┌────────

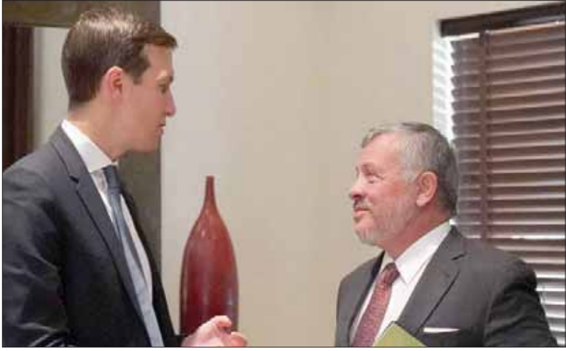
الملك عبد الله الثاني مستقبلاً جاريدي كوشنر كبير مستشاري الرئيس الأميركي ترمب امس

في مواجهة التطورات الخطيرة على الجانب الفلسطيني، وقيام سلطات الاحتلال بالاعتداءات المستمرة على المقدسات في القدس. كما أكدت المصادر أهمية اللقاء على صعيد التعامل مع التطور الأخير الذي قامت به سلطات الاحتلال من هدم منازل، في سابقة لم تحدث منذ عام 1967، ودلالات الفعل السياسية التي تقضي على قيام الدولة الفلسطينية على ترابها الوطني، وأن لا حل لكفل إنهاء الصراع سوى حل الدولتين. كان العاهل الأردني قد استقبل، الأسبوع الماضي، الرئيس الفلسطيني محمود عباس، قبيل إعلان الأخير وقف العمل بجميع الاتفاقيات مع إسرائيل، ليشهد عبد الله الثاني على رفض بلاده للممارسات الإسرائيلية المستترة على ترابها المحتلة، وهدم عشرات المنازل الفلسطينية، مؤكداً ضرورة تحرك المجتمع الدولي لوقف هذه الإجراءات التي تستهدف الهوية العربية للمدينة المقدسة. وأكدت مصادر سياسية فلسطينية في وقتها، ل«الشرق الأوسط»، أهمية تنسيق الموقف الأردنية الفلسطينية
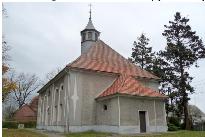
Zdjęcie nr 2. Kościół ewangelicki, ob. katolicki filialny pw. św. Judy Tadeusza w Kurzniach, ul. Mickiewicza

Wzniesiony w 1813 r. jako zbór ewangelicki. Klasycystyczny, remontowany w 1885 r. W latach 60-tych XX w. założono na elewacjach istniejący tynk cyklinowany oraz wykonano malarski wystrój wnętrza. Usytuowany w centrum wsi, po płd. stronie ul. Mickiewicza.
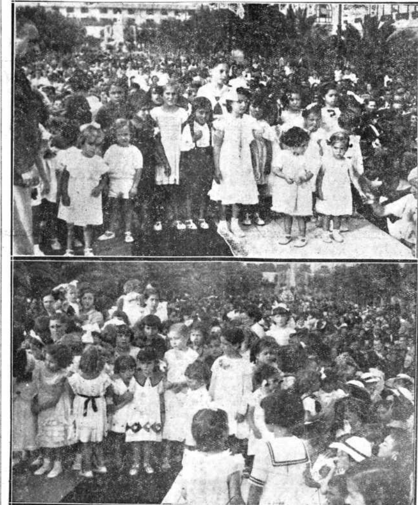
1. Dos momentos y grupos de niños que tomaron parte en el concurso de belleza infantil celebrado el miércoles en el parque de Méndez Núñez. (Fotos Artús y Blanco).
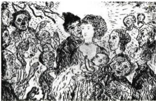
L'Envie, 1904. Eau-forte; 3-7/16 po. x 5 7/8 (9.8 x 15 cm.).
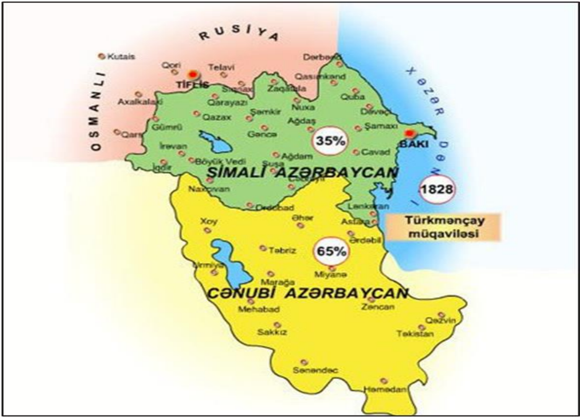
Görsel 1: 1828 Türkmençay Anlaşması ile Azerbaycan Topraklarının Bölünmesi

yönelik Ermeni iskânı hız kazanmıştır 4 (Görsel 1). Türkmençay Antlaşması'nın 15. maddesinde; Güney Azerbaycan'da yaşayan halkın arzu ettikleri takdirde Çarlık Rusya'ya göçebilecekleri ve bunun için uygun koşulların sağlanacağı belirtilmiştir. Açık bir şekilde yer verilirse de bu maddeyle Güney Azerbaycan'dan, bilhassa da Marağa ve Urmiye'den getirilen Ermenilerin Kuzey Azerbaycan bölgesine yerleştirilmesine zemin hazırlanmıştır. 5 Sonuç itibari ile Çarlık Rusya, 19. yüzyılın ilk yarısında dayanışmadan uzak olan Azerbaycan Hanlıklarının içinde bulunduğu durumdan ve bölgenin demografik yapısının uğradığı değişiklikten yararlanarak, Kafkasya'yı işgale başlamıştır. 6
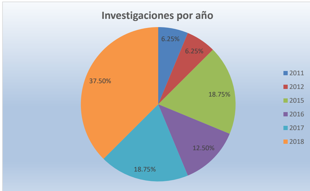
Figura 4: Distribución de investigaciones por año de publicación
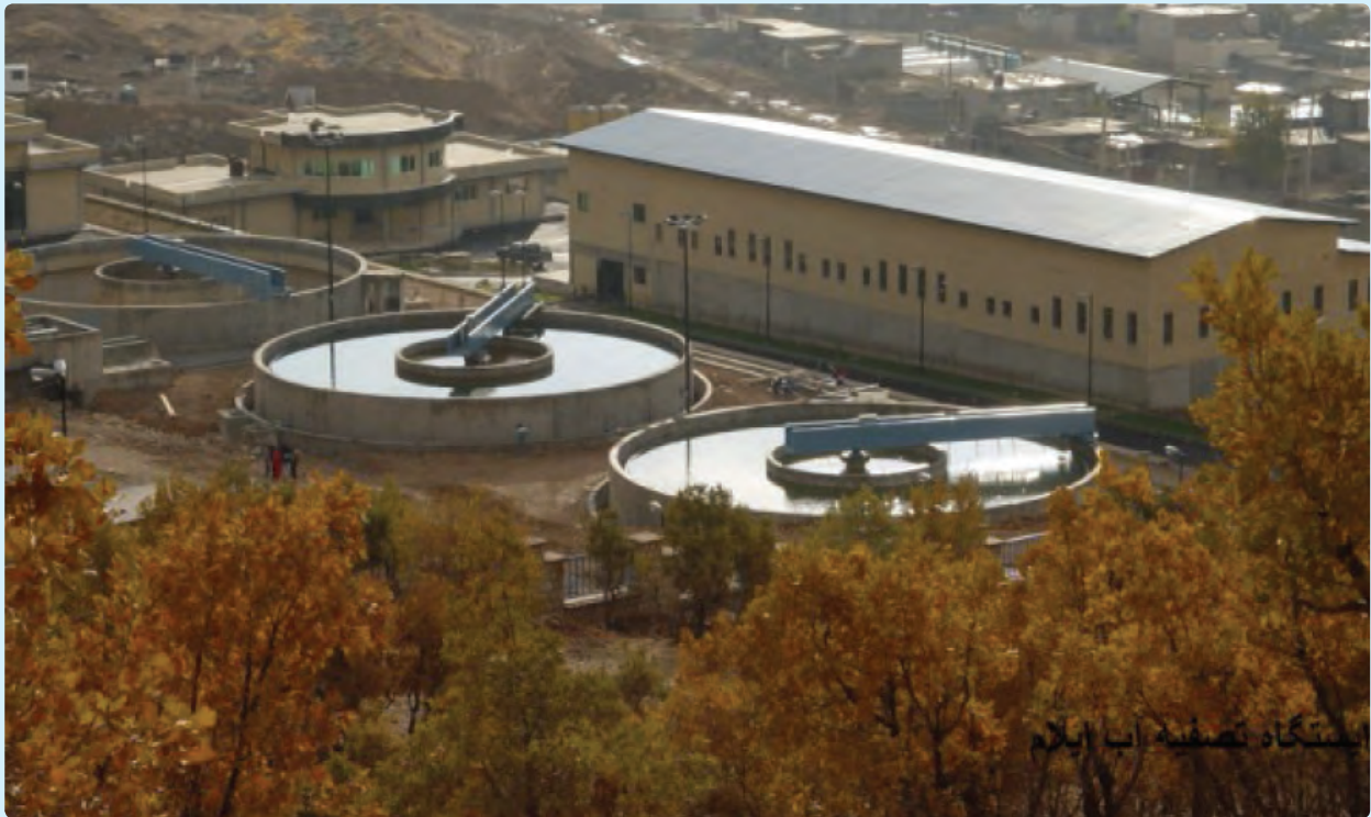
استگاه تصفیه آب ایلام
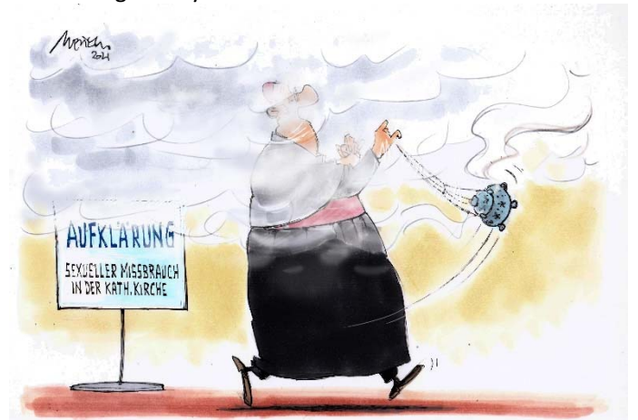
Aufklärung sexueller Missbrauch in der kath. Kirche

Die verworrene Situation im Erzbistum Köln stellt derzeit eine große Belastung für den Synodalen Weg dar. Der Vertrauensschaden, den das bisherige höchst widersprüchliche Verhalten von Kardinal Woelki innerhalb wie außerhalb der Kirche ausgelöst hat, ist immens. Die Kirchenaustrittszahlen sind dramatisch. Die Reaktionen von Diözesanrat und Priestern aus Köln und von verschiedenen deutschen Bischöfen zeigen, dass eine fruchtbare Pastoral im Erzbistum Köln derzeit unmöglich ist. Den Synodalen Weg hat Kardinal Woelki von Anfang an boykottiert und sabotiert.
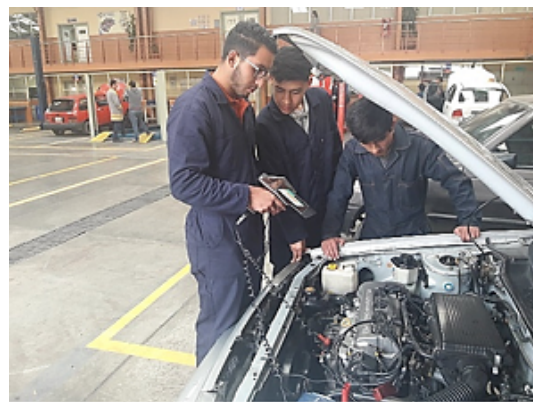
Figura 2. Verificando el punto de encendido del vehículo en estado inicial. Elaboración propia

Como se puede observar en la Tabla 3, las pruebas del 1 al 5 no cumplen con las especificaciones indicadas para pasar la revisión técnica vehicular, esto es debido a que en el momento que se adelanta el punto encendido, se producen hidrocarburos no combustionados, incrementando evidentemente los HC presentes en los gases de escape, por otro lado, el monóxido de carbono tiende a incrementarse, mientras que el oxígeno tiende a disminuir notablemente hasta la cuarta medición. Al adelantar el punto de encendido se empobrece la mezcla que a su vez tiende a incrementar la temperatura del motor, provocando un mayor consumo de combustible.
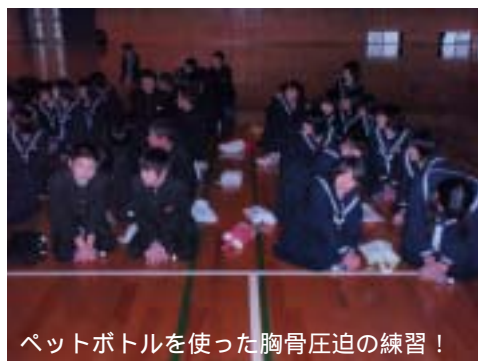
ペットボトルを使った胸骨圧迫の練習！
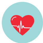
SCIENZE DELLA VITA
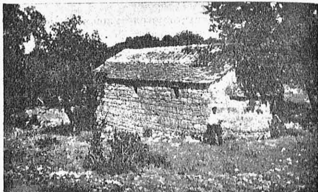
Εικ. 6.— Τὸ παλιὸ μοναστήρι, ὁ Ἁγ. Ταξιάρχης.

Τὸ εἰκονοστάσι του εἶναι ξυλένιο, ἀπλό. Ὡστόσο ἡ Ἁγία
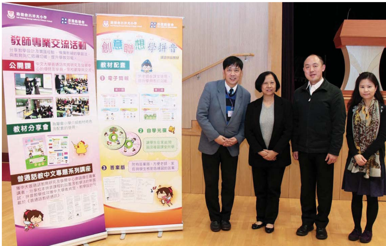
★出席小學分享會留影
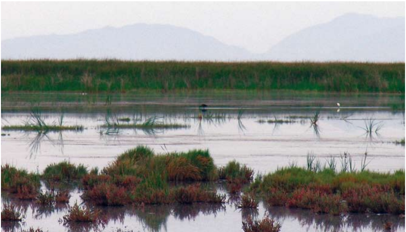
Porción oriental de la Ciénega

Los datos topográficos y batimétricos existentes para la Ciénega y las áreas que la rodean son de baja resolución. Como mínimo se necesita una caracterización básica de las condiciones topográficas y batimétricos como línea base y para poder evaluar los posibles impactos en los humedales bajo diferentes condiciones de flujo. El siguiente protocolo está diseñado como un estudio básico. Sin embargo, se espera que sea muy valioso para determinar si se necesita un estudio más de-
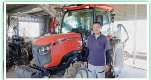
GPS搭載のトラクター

└────────

Only the lines from the one containing "Τὸ εἰκονοστάσι του" through the last line of the entries should be transcribed, exactly and with no pictures.

*RESULT*.
Τὸ εἰκονοστάσι του εἶναι ξυλένιο, ἀπλό. Ὡστόσο ἡ Ἁγία
★出席小學分享會留影
Porción oriental de la Ciénega

Los datos topográficos y batimétricos existentes para la Ciénega y las áreas que la rodean son de baja resolución. Como mínimo se necesita una caracterización básica de las condiciones topográficas y batimétricos como línea base y para poder evaluar los posibles impactos en los humedales bajo diferentes condiciones de flujo. El siguiente protocolo está diseñado como un estudio básico. Sin embargo, se espera que sea muy valioso para determinar si se necesita un estudio más de-
GPS搭載のトラクター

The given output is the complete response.